Lawyers for 2 in abduction that was called hoax blast Vallejo police

SAN FRANCISCO (KTVU-AP) — The lawyers for a couple in a kidnap-for-ransom case that police called a hoax on Monday blasted Vallejo police investigators and asked that authorities set the record straight.

Attorney Daniel Russo says Vallejo Police detectives rushed to judgment. He said Monday he and lawyer Douglas Rappaport want the public perception of their clients changed.

Aaron Quinn and a teary-eyed Denise Huskins appeared with their lawyers at a news conference in Vallejo, but they didn't talk to the media.
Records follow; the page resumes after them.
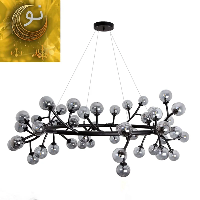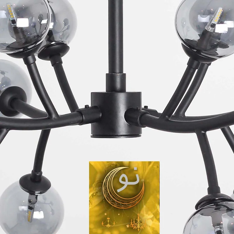 لوستر مدرن آویزی آرک لایت 16 شاخه با طراحی شیک و زیبا مناسب برای استفاده در نشیمن یا اتاق خواب می باشد. فضای تحت پوشش حدود 25 تا 35 متر ابعاد می باشد. قطر کلی این محصول 120 سانتیمتر می باشد و ارتفاع آن بین 50 الی 150 سانتیمتر قابل تنظیم است. این محصول دارای 48 شعله روشنایی می باشد که با حباب های پیرکس قطر 5 سانتیمتر می باشد پوشش داده شده است .طراحی این لوستر بسیار جذاب و خاص میباشد و کیفیت اجرایی این محصول بسیار بالاست .رنگ بدنه این محصول مشکی مات یا طلایی و رنگ حباب این محصول در 3 رنگ متفاوت (حباب دودی ، حباب عسلی ، حباب شفاف ) تولید می شود. لامپ استفاده شده در این محصول لامپ های سوزنی G4 2WATT میباشد.این محصول دارای 2 سال گارانتی بی قید و شرط میباشد.(گارانتی شامل : رنگ بدنه ،حباب، سیمکشی). شدت روشنایی هر لامپ : 100 (Lm) لومن و مصرف حدودی هر لامپ : 2 (W) و قطر کفی : 13 cm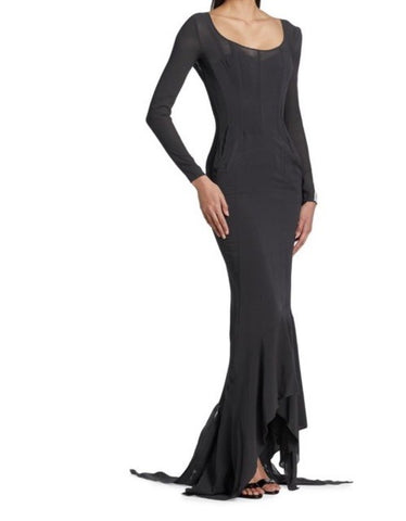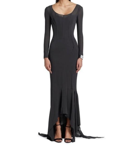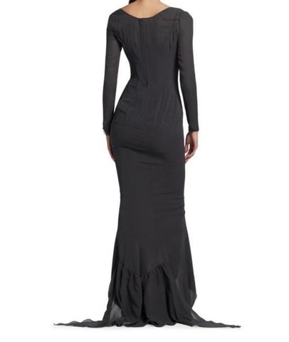 New $5995 DOLCE&GABBANA Sheer Long-Sleeve Gown Dress Gray 40 ( 6 ) Italy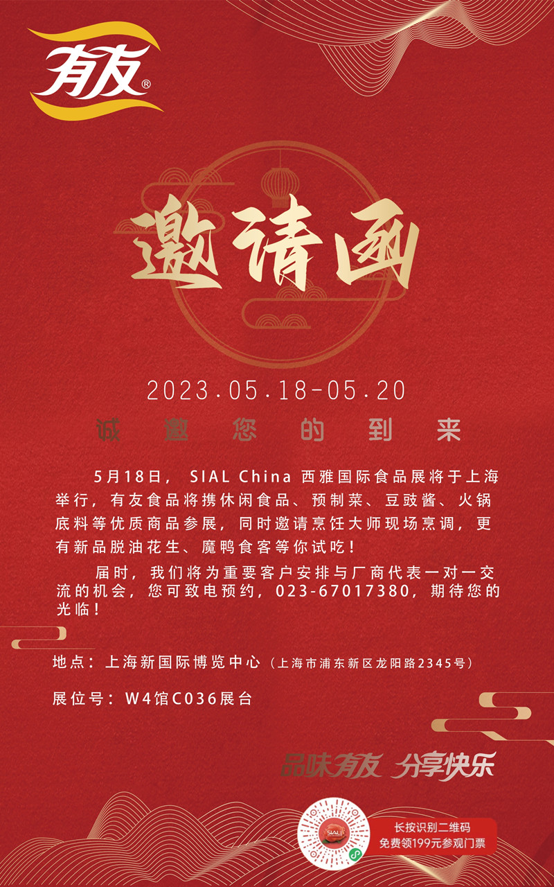 除上述新品外,本次有友食品将全面展示在休闲零食、预制菜、调味品等领域的优质产品,为消费者带来更加美味、健康和有趣的美食体验,开启美食新风潮。届时,我们还将为重要客户安排与厂商代表一对一交流的机会,您可扫描下方二维码预约。欢迎大家莅临展位!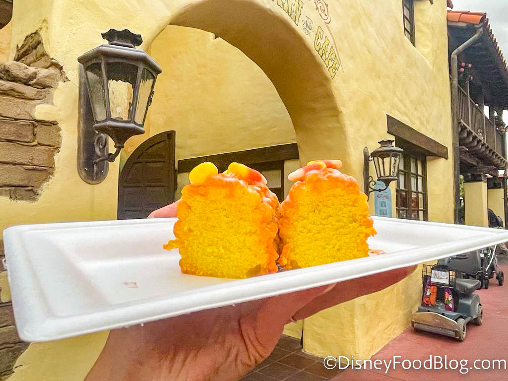It’s almond vanilla cake dipped in white, orange, and yellow chocolate topped with candy corn. And it is Mickey’s Not-So-Scary Party exclusive treat (so you can ONLY get it if you have a ticket to attend one of the parties). Even though this treat is dressed up for a fun night of trick-or-treating, does an almond vanilla cake topped with white chocolate taste the part? Let’s dive in and see!

A teary-eyed Huskins and Quinn held hands tightly during the brief conference and hugged before leaving.

Huskins' lawyer, Douglas Rappaport, said his client will avoid commenting on the case to preserve the integrity of the prosecution.

Rappaport and Quinn's lawyer, Daniel Russo, blasted investigators and asked that authorities set the record straight.

"What I want is for the Vallejo PD to do their job," Russo said. "Go out, find out if there are other guys out there and make sure that next time this happens they think before they talk."

After Huskins reappeared, Vallejo police said at a news conference the kidnapping was a hoax. Police have since declined to comment other than to say they continue to investigate.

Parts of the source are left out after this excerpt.